Task to complete
When you reach the line that contains "Parla amb doctors" in the data below, start reproducing lines exactly, and stop after the line that contains "动能的单位与功相同,也是焦耳".

Provided material
■ ■ ■ ■ ■

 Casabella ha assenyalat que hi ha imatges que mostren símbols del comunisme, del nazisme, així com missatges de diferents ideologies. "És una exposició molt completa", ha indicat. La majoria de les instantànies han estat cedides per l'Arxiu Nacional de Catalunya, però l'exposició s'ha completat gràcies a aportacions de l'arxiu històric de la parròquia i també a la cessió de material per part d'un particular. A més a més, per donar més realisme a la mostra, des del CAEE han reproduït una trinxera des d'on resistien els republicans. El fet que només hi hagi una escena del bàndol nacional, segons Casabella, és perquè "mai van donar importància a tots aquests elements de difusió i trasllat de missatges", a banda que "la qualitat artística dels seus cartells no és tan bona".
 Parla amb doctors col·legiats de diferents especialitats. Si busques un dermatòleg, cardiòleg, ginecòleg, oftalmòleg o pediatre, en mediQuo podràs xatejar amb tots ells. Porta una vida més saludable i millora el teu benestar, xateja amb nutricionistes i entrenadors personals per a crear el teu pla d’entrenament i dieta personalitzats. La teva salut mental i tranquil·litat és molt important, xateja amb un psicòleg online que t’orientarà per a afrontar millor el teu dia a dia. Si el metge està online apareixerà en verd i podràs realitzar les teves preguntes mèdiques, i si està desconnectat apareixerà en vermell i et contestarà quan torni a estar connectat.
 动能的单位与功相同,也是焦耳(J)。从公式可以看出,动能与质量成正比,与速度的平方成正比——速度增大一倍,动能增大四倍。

■ ■ ■ ■ ■

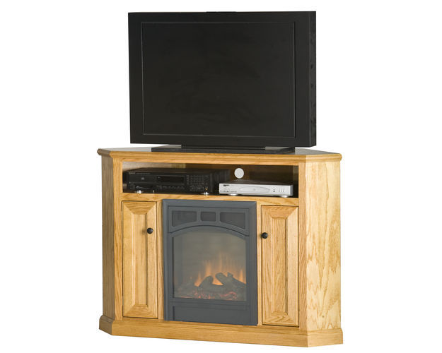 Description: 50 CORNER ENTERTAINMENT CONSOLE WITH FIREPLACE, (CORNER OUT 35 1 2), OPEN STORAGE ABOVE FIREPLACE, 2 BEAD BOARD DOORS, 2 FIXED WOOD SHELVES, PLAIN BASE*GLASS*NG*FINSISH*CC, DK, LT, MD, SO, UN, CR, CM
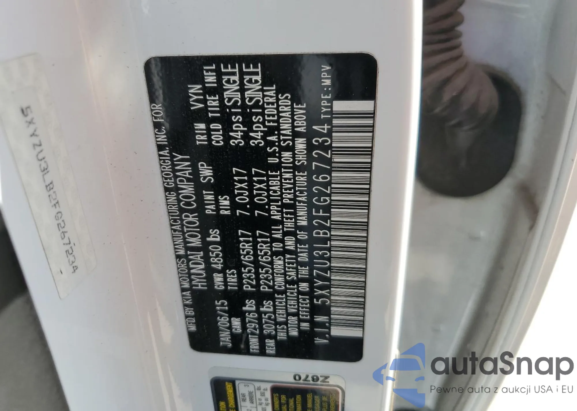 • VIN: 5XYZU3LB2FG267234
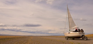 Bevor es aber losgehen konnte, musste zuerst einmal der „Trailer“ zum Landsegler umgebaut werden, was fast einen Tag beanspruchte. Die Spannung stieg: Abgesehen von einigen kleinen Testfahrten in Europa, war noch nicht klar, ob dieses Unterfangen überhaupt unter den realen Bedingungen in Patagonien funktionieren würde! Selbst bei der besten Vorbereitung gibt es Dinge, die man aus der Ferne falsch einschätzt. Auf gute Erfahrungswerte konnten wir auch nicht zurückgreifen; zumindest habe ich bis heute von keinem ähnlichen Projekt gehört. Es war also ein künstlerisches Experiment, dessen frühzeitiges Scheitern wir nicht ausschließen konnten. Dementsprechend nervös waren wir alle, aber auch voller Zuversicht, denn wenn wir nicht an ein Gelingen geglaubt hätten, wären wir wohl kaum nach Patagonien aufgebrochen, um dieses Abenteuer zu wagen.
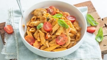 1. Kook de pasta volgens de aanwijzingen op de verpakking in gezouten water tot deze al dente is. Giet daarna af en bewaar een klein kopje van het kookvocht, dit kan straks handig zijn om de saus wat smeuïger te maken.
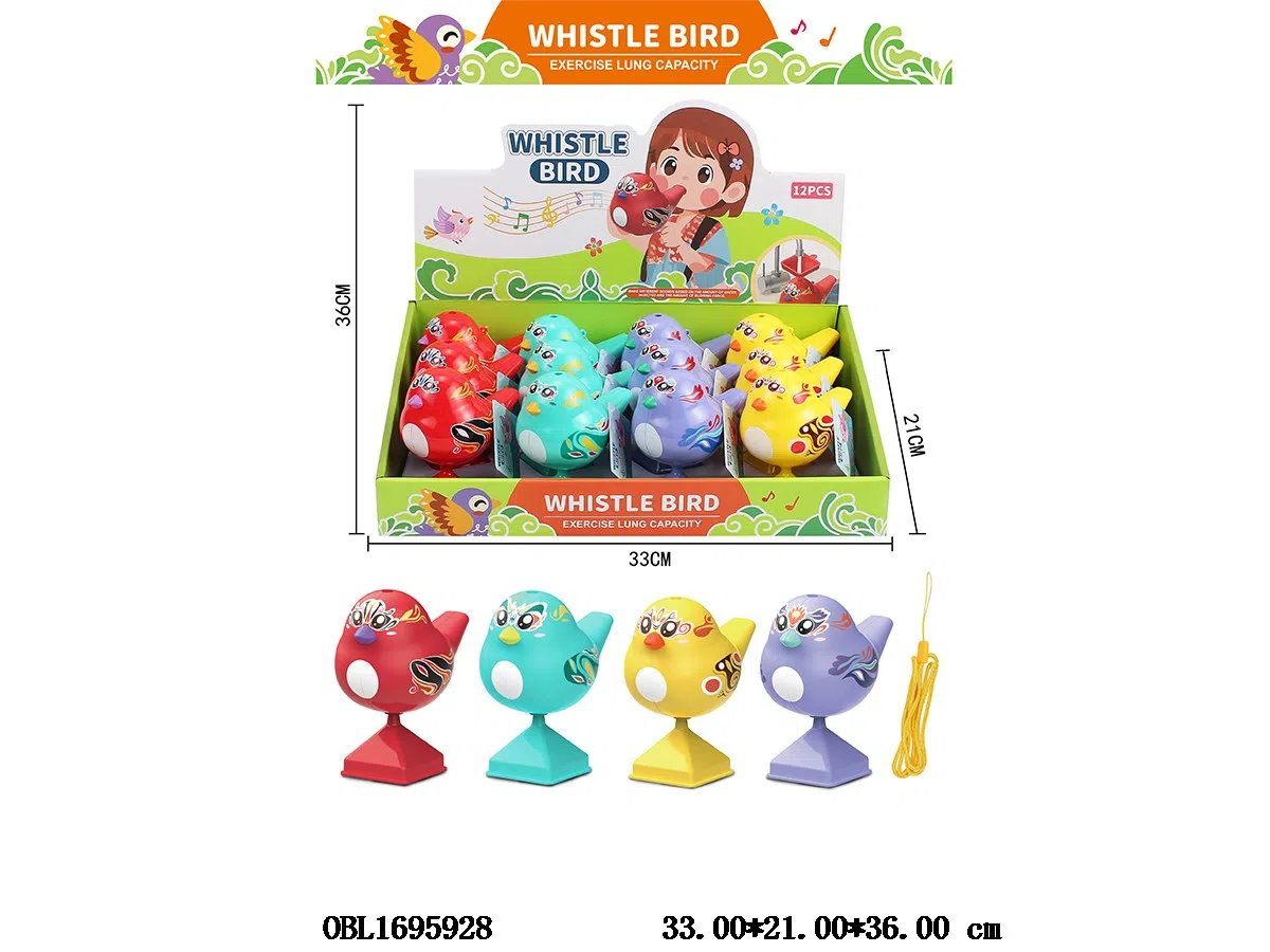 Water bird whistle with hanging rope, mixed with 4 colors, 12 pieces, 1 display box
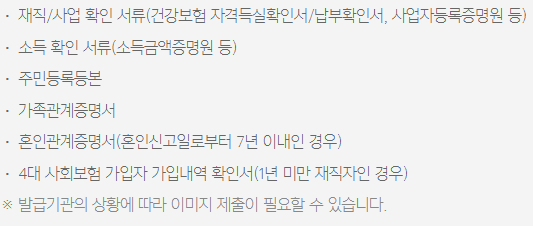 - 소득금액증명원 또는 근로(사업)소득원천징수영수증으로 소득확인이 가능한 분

■ ■ ■ ■ ■

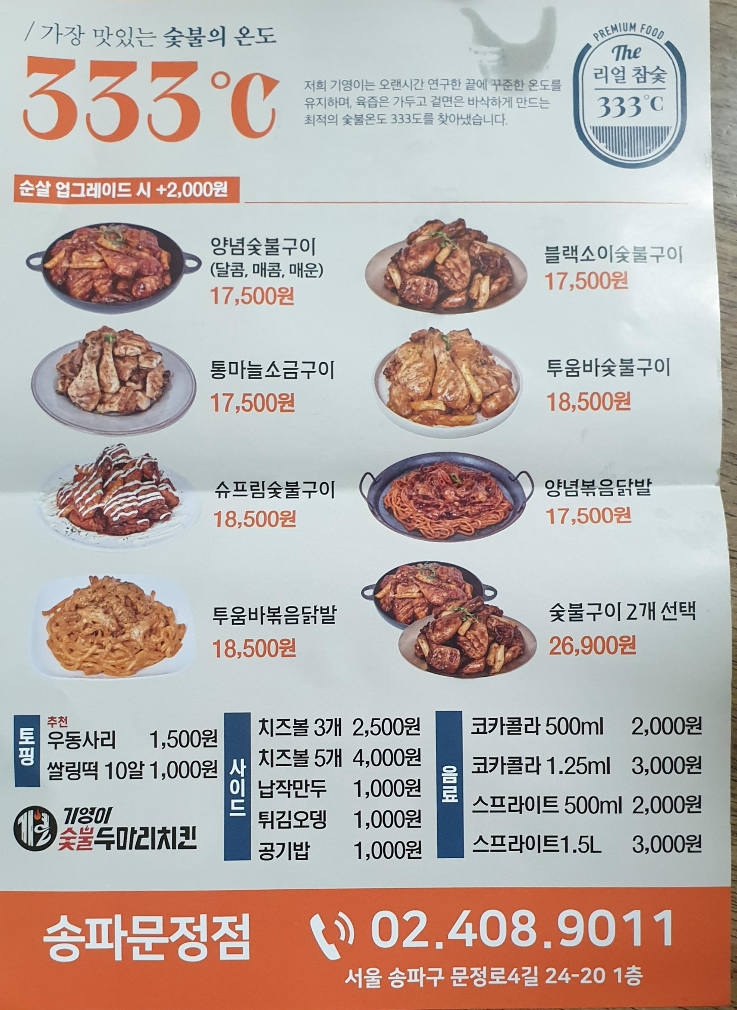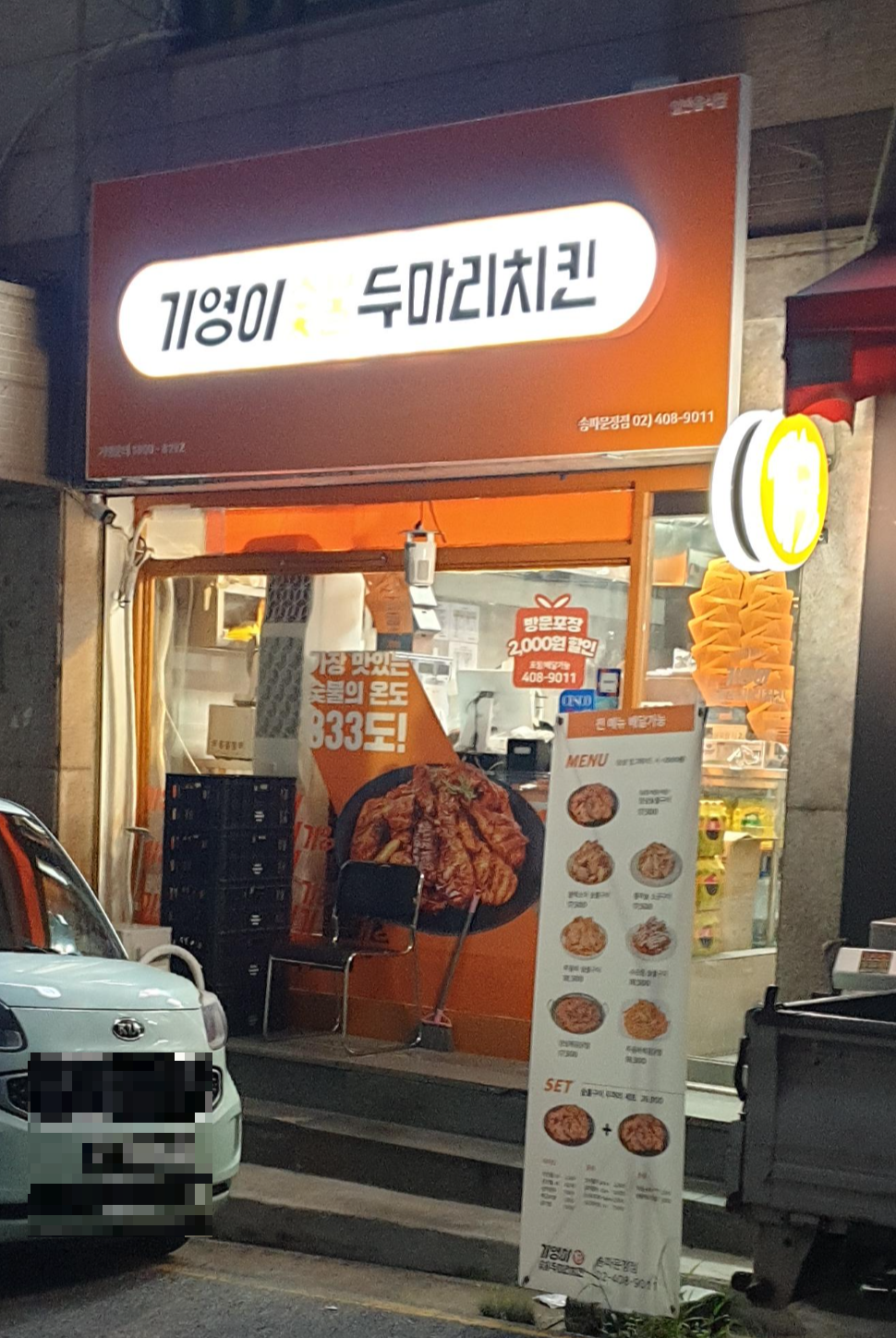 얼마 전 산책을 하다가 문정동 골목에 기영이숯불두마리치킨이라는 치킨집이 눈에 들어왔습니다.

■ ■ ■ ■ ■

Exercise response
 Parla amb doctors col·legiats de diferents especialitats. Si busques un dermatòleg, cardiòleg, ginecòleg, oftalmòleg o pediatre, en mediQuo podràs xatejar amb tots ells. Porta una vida més saludable i millora el teu benestar, xateja amb nutricionistes i entrenadors personals per a crear el teu pla d’entrenament i dieta personalitzats. La teva salut mental i tranquil·litat és molt important, xateja amb un psicòleg online que t’orientarà per a afrontar millor el teu dia a dia. Si el metge està online apareixerà en verd i podràs realitzar les teves preguntes mèdiques, i si està desconnectat apareixerà en vermell i et contestarà quan torni a estar connectat.
 动能的单位与功相同,也是焦耳(J)。从公式可以看出,动能与质量成正比,与速度的平方成正比——速度增大一倍,动能增大四倍。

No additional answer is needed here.